Graphique 4 : Evolution sur un an de l’indice de coût du travail aux Etats-Unis et en zone euro.
Sources : Eurostat, Bureau of Labor Statistics, Datastream
En 2022, l’inflation en zone euro resterait déterminée par l’évolution des prix des intrants
Début 2022, l’inflation en zone euro reste sous le joug des tensions sur les marchés des matières premières
Des déséquilibres au niveau mondial entre une demande soutenue et une offre contrainte ont conduit à une hausse des prix des intrants depuis mi-2020 (cf. Flash Eco sur les difficultés d’approvisionnement et les prix des matières premières et Flash Eco sur les prix du gaz et de l'électricité). Depuis fin février, le conflit en Ukraine s’est traduit par un prix du gaz presque multiplié par deux, une hausse de 22 % du prix du Brent, tutoyant les 120 $/baril, de 19 % du prix du blé et de 16 % du prix du palladium (cf. graphique 5).
Graphique 5 : Chronique des prix des matières premières, des semi-conducteurs et de l’énergie.
Source : Datastream
En 2022, la demande d’intrants resterait soutenue
La production industrielle, qui était fin 2021 supérieure de 5,5 % à son niveau fin 2019, continuerait à porter la demande d’intrants en 2022, soutenue notamment par les plans d’investissement chinois et américain d’un montant de 3,8 et 2,9 points de PIB. En outre, les industries reconstitueraient leurs stocks de matières premières, actuellement à des niveaux très bas. La demande de gaz naturel serait portée par la reconstitution des stocks en Europe.
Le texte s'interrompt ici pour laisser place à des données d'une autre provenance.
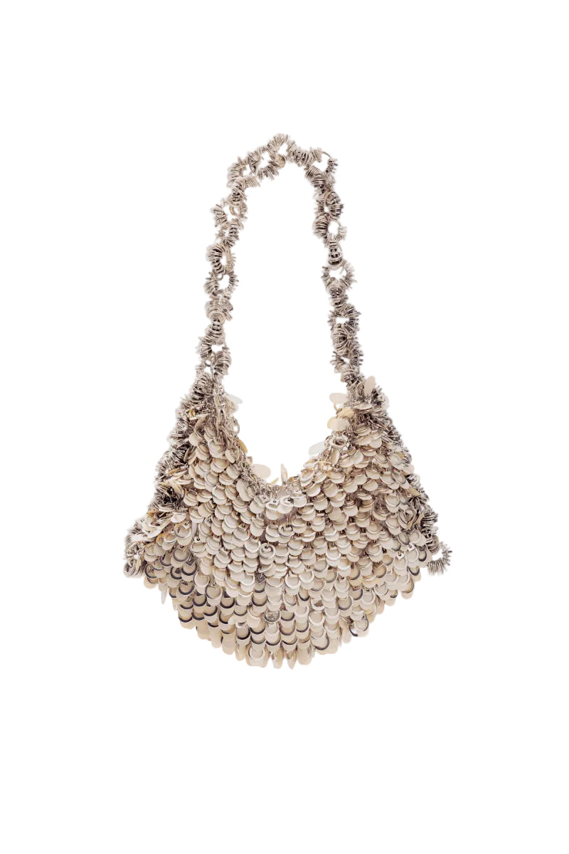 - Paillettes blanches soigneusement cousues à la main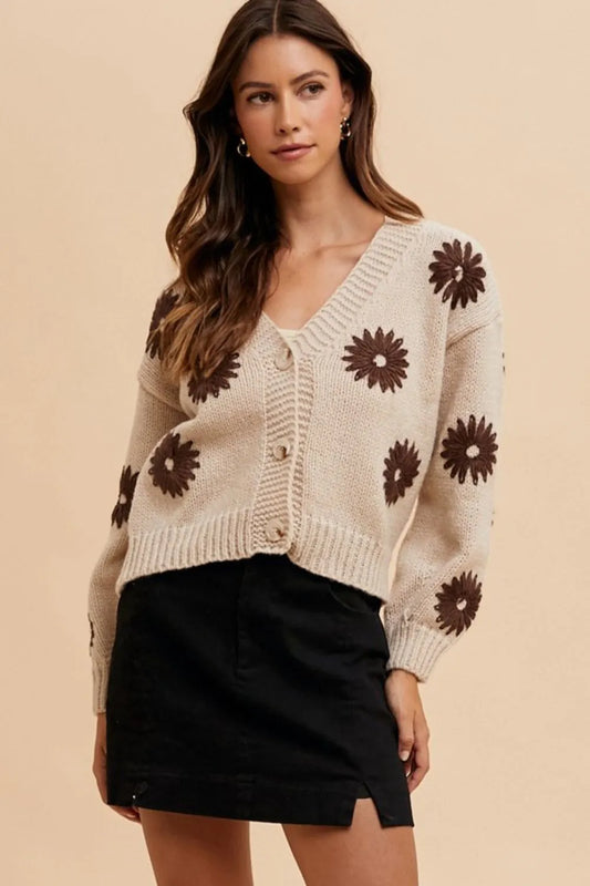 Plaid Sweater Cardigan with Button Front and Matching Mini Skirt Set

Si la demande de biens électroniques devrait se normaliser en 2022, entrainant un ralentissement de celle de semi-conducteurs (+9 % après +26 % en 2021 selon la Semiconductor Industry Association), elle resterait néanmoins à un niveau plus élevé que l’offre.
Un ajustement de l’offre hétérogène selon les intrants
Du côté de la production des métaux convoités (cuivre, étain, lithium), celle de cuivre devrait s’accroître dès le printemps avec la mise en route de mines au Congo, tandis que celle de lithium n’augmenterait significativement qu’après l’été, avec l’ouverture de mines australiennes et américaines. La hausse de la production d’étain resterait, quant à elle, très limitée selon la Banque Mondiale. Côté semi-conducteurs, dix-neuf usines sont en construction depuis mi-2021 selon le SEMI, mais la production ne débuterait qu’en fin d’année.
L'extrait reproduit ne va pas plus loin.